Yes, per [string.accessors] p1, std::basic_string::c_str():

Returns: A pointer p such that p + i == &operator[](i) for each i in [0,size()].

Complexity: constant time.

Requires: The program shall not alter any of the values stored in the character array.

This means that given a string s, the pointer returned by s.c_str() must be the same as the address of the initial character in the string (&s[0]).

Megaron answered 20/5, 2011 at 20:30 Comment(9)
Note that the same requirement holds true for data, which I believe wasn't true for C++98/03.Ma
Yes, it's illuminating that basic_string<>::c_str() and basic_string<>::data() now have exactly identical semantics.Phonogram
This doesn't appear to answer the question with which the post is titled - ie "Will std::string always be null-terminated in C++11?", in which case the answer is no. operator[str.length()] will return '\0', but that doesn't mean that the string actually contains it in memory.Mayan
I read this as well in the final C++11 spec (21.4.7.1/1), but I don't see how any requirements are placed on the element at operator[str.length()], other than it must be valid a referenceable.Thorsten
@AndrewMarshall: operator[] is required to return a reference to the actual stored element, so (21.4.7.1/1) also applies the requirement that the element at operator[str.length()] must be part of the storage.Thorsten
Shouldn't it be [0,size())?Buseck
@S.S.Anne No, in this case, the terminator is part of the sequence. Not that it is always part of the sequence, look e.g. .at().Read
@JohnDibling Could you give us any reference for your mention that std::string's operator[] is required to return a reference to the actually stored element?Ardellardella
@starriet - no, i'm sorry but I no longer can. That reference surely came from the C++98 standard, but I don't have that handy these days.Thorsten
M
-1

&str[0] is safe to use -- so long as you do not assume it points to a null-terminated string.

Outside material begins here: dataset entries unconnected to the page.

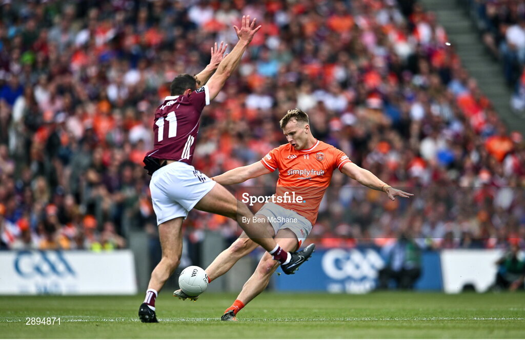 28 July 2024; Rian O'Neill of Armagh in action against John Maher of Galway during the GAA Football All-Ireland Senior Championship Final match between Armagh and Galway at Croke Park in Dublin. Photo by Ben McShane/Sportsfile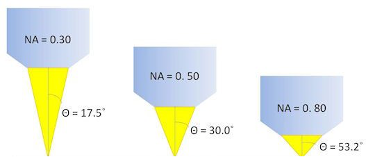 如果我們知道光的顏色(綠光的λ約為0.53微米)和玻璃光學元件的性質(數值孔徑即NA), 數值孔徑表征物鏡的聚光能力,是物鏡的重要性質之一。理論上NA=nsinθ,因此增大物鏡的數值孔徑(NA)有兩個途徑:
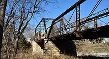 ![]() Side view of the Little Walnut River Pratt Truss Bridge | |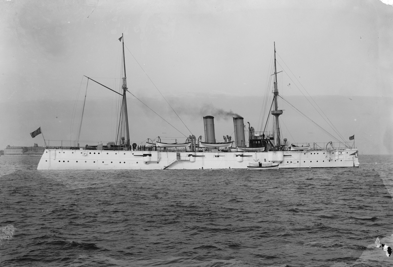 | Note: On 7 September 1988 Congress authorized seven cruisers including "two steel cruisers of about 3,000 tons displacement each" (Cincinnati and Raleigh). Intended to attack unescorted merchant ships, they had rapid fire guns, high steam power, and a fore-and-aft rig with considerable sail area. They proved to be crowded inside and poorly ventilated, and they received smaller, less powerful engines in 1900-02. |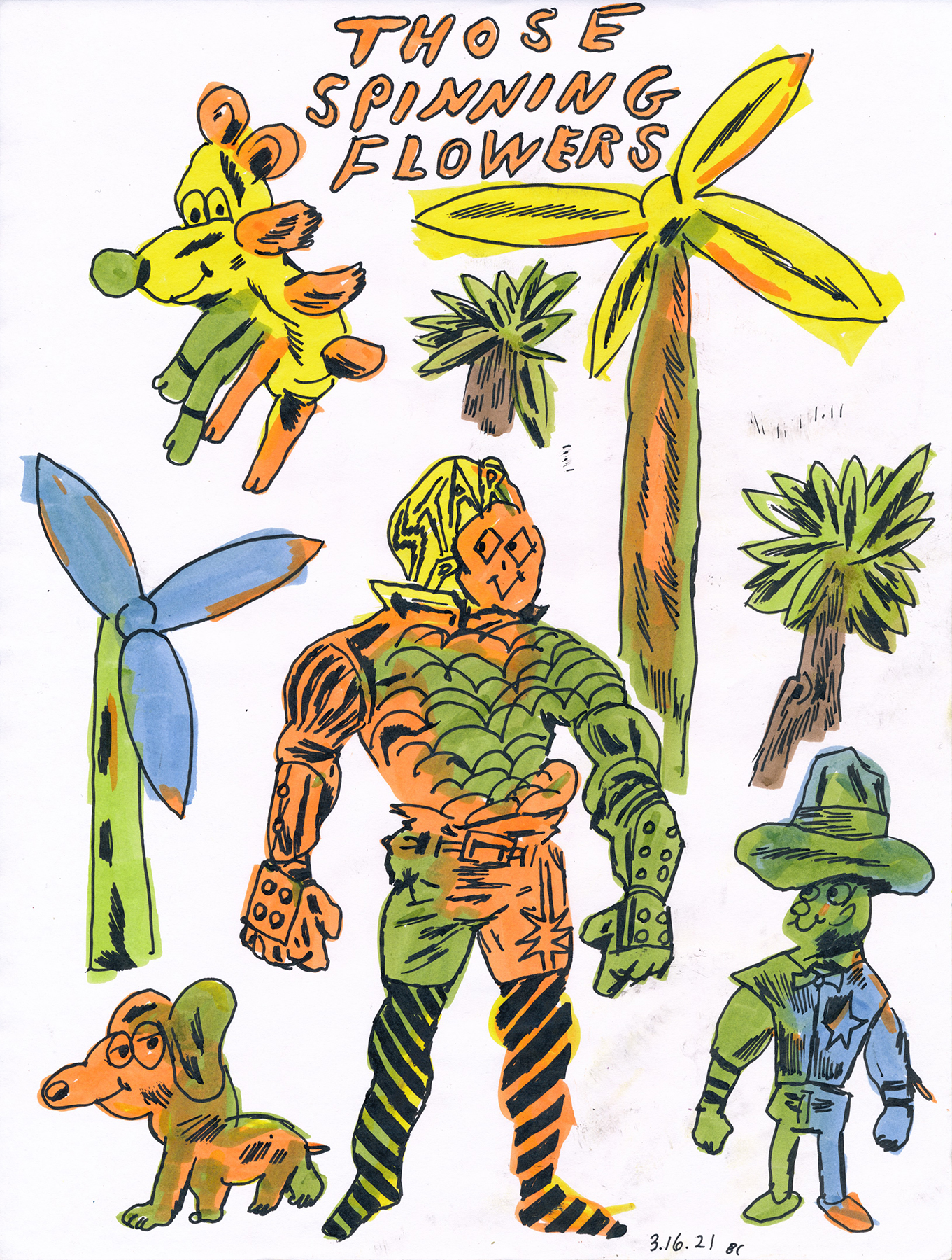 India ink and marker drawing on paper. 8.25H x 10.75"W. Windmills, like flowers? Drawn by Brian Chippendale 2021

Since C++11 the requirements include (section [string.accessors]):

  • str.data() and str.c_str() point to a null-terminated string.
  • &str[i] == str.data() + i , for 0 <= i <= str.size()
    • note that this implies the storage is contiguous.

However, there is no requirement that &str[0] + str.size() points to a null terminator.

A conforming implementation must place the null terminator contiguously in storage when data(), c_str() or operator[](str.size()) are called; but there is no requirement to place it in any other situation, such as calls to operator[] with other arguments.


To save you on reading the long chat discussion below: The objection was been raised that if c_str() were to write a null terminator, it would cause a data race under res.on.data.races#3 ; and I disagreed that it would be a data race .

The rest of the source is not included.